Read Joy of Home Wine Making Online
Authors: Terry A. Garey
Tags: #Cooking, #Wine & Spirits, #Beverages, #General
Gelatine and bentonite do not have to be removed.
Some finings require tannin in order to react, but tannin is easily added.
Filtering on a small scale with gravity methods isn’t very easy, and it can hurt your wine through oxidation if you take too long to do it. The old books describe some of these gravity methods. I don’t think they are a good idea. The benefits aren’t great enough to merit the trouble and risk.
For larger amounts of wine, there are many devices available on the market that involve hand pumps or carbon dioxide pressure tanks combined with filter pads that can remove amazingly small particles. If you have carefully racked, then fined, your wine, it won’t take very long to go through the filtering procedure—including setting up and taking down. It will give you the “star bright” wine of wine competition dreams. The devices, like Vinamat and Polyrad, cost less than one hundred dollars.
Investigate the brands carefully and make sure you know what is in the pads, how much they cost, how easy they are to replace, etc., before you decide to buy.
Talk it over with your wine supply merchant and any winemakers you know. Everyone has a different opinion about filtering.

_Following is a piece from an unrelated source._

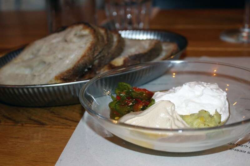 ובחזרה לכולא, המסעדה המארחת. הזמנו לשולחן לחם טרי שנאפה בטאבון (21 ש"ח), לחם מחמצת משגע מהסוג שגורם לך להיות שבע עוד לפני העיקריות. הוא הוגש עם קערה קטנה של טחינה ופלפלים חריפים בשמן זית, ממרח גאוני של לימון כבוש וקצת שמנת חמוצה. קערה כל כך מענגת שעושה חשק לעבור לגור בתוכה.

Up to a few years ago, some filter pads for some systems contained asbestos. This may or may not be a concern to you. I drink commercial wines, which at one point all used pads with asbestos and still may. I haven’t keeled over yet, but what about later?
CASKS AND BARRELS
Ah, the images that come to mind when one says the word winery! Dark, mysterious barrels of aged wood bound by sturdy
hoops lined up in some subterranean cavern lit by guttering beeswax candles, perhaps graced by the silent presence of a hooded monk…secret passages to the throne room…men in lace jabots leaping from cask to cask with flashing swords…lurking anarchists conferring secretly, plotting to overthrow who knows what…lovers meeting at midnight for that precious stolen kiss…etc.
Yeah. But.
Barrels are large and expensive. They can go bad in a day once the wine is out of them. Any mold or vinegar is there to stay! They have to be treated very carefully, and you have to keep a serious eye on the wine, because both the alcohol and the water content evaporate. Buying used barrels is a tricky business, unless you know and trust the person you are buying them from.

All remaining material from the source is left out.